A NASA electromagnetic-propulsion review by Myers identifies three main types of electromagnetic propulsion systems: pulsed plasma thrusters (PPTs), magnetoplasmadynamic thrusters (MPD), and pulsed-inductive thrusters (PIT). PPTs had already flown for attitude/drag makeup; MPD devices had space heritage in experimental regimes; and PITs sought to reduce electrode-erosion limits by inductive coupling.[7] The review emphasized benefits (high specific impulse, precise impulse bits, robustness) alongside unresolved issues (efficiency, cathode wear, spacecraft power/integration), presenting these as electric-propulsion architectures that still accelerate propellant even when strong fields are central to their operation.[7]

Pulsed plasma thrusters (PPTs) represent the earliest class of electromagnetic propulsion systems to achieve operational deployment in space.[7] Developed in the 1960s, these thrusters generate thrust by ablating solid propellant with an arc discharge and accelerating the resulting plasma via Lorentz forces.[7] Unlike later concepts relying on inductive or steady-state operation, PPTs utilize compact, low-power, pulsed configurations suitable for satellite positioning and drag compensation.[7] The Soviet Zond-2 Mars mission in 1964 marked the first planetary use of electric propulsion, followed by successive U.S. deployments culminating in the Nova satellite series.[7] PPTs remain relevant for low-mass spacecraft requiring precise impulse bits, though scalability to higher power levels has presented technical challenges.[7]

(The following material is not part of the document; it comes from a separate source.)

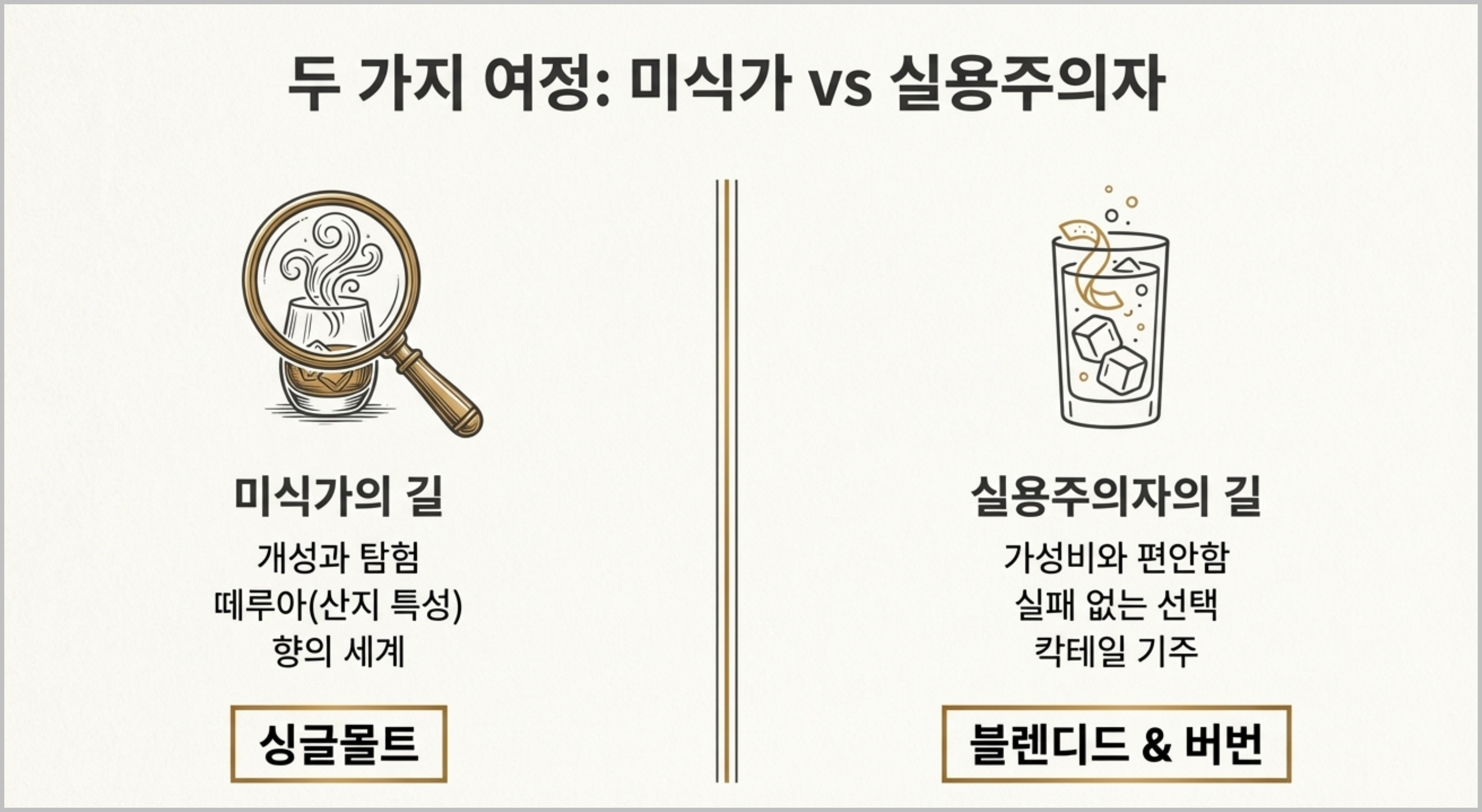 위스키를 고를 때는 단순히 브랜드 이름만 볼 것이 아니라, 내가 '어떤 가치'를 중시하는지에 따라 접근 방식을 달리해야 합니다.

Magnetoplasmadynamic thrusters (MPDTs) are another major class of electromagnetic propulsion systems investigated for both quasi-steady and steady-state spaceflight applications.[7] Operating through the Lorentz force generated by the interaction of discharge currents with self-induced or externally applied magnetic fields, MPD thrusters were among the first electric propulsion devices to fly in space.[7] Initial experimental campaigns explored both self-field and applied-field configurations, with development advancing through international programs aimed at supporting high-power planetary missions.[7] While technological challenges remain—including efficiency optimization and cathode erosion—MPD thrusters continue to serve as a key pathway toward scalable, high-thrust, long-duration propulsion architectures.[7]

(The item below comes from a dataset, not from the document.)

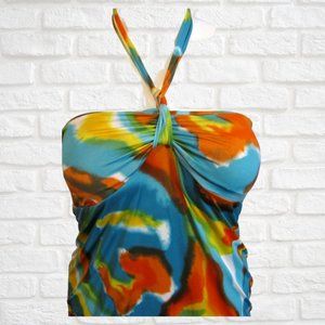 Women's Multi-Colored Dots Halter Top Size Large Super cute and in good condition. This top is blue, white, orange and yellow color. Has some ruching on the sides shown in the pic.

Pulsed inductive thrusters (PITs) are a form of electromagnetic propulsion developed to overcome the erosion and lifetime limitations of electrode-based systems.[7] By inducing plasma currents through time-varying magnetic fields, PITs accelerate neutral propellants without requiring physical contact between conductors and plasma.[7] The concept originated in the late 1960s and evolved through successive experimental designs focused on performance scaling, circuit optimization, and propellant compatibility.[7] Although no PIT system has flown in space, the thruster class remains of interest due to its potential for high-efficiency, long-duration propulsion with minimal material degradation, particularly in missions requiring flexible propellant selection and reduced contamination risk.[7]

Physics-frontier framing (Millis 1998; Minami & Musha 2012)

[edit]
Alcubierre metric, related to Alcubierre drives, by Harold G. White, NASA Johnson Space Center. It depicts a "warp bubble", of artificial expansion of spacetime behind and contraction in front of a theoretical spacecraft, to generate propulsion.

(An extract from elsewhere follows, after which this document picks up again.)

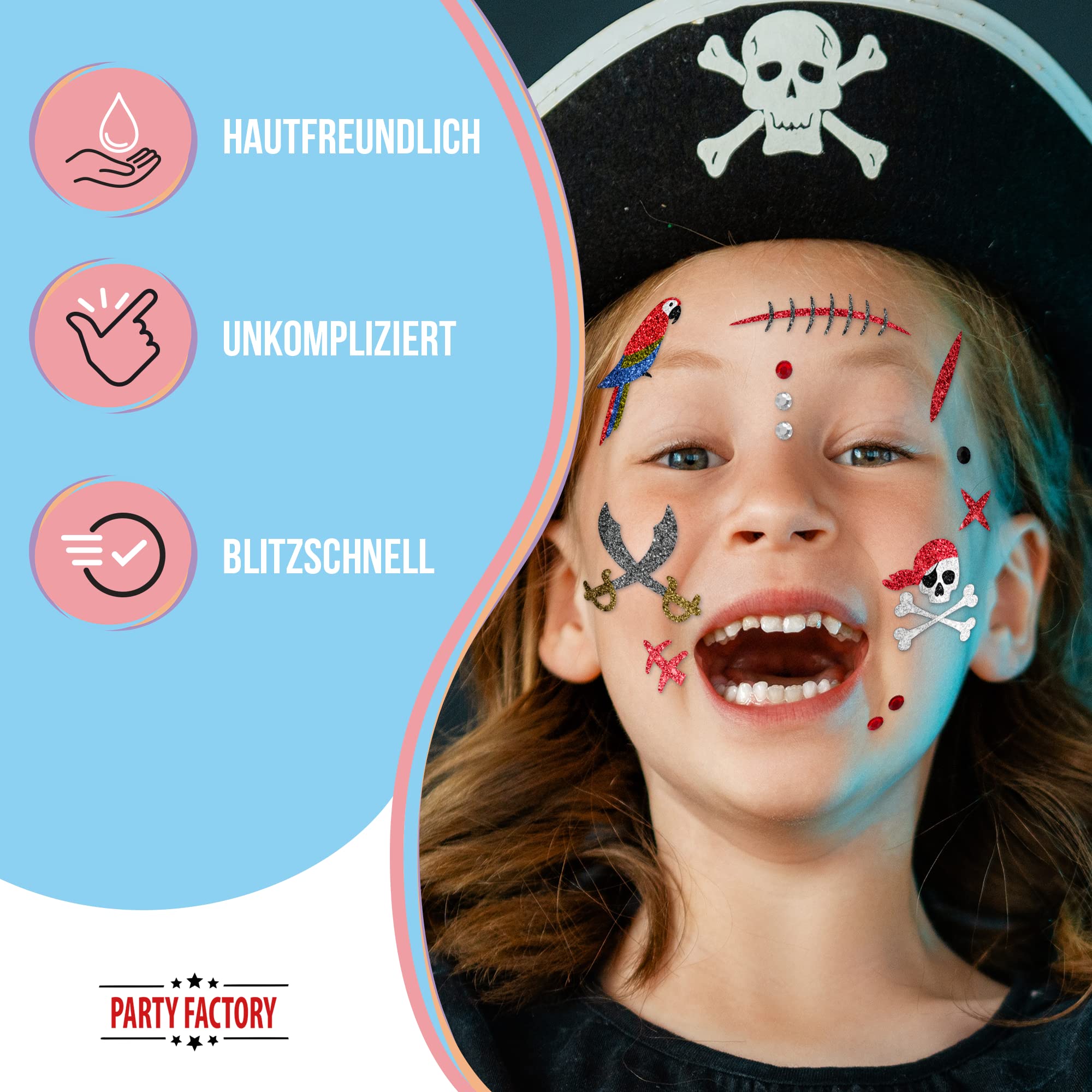 Party Factory Pirates Face Tattoo Various Designs Temporary Face Tattoo For Children And Adults Theme Parties Children S Birthday New Year S Eve Halloween Carnival Fancy Dress Pirate Amazon De Toys

NASA's Breakthrough Propulsion Physics (BPP) memo framed research questions at the limits of physics—no-propellant propulsion, ultimate transit speeds, and breakthrough energy production—explicitly to sort physically testable ideas from non-viable claims.[3]: 1  Minami and Musha survey a class of proposals that posit a "substantial physical structure" of spacetime/vacuum (macroscopic in GR, microscopic in QFT) and investigate whether asymmetries in massless fields or vacuum-medium interactions could yield thrust without mass expulsion; they report that such systems remained theoretical and controversial, with ongoing but inconclusive experiments and consistency concerns with momentum conservation.[2]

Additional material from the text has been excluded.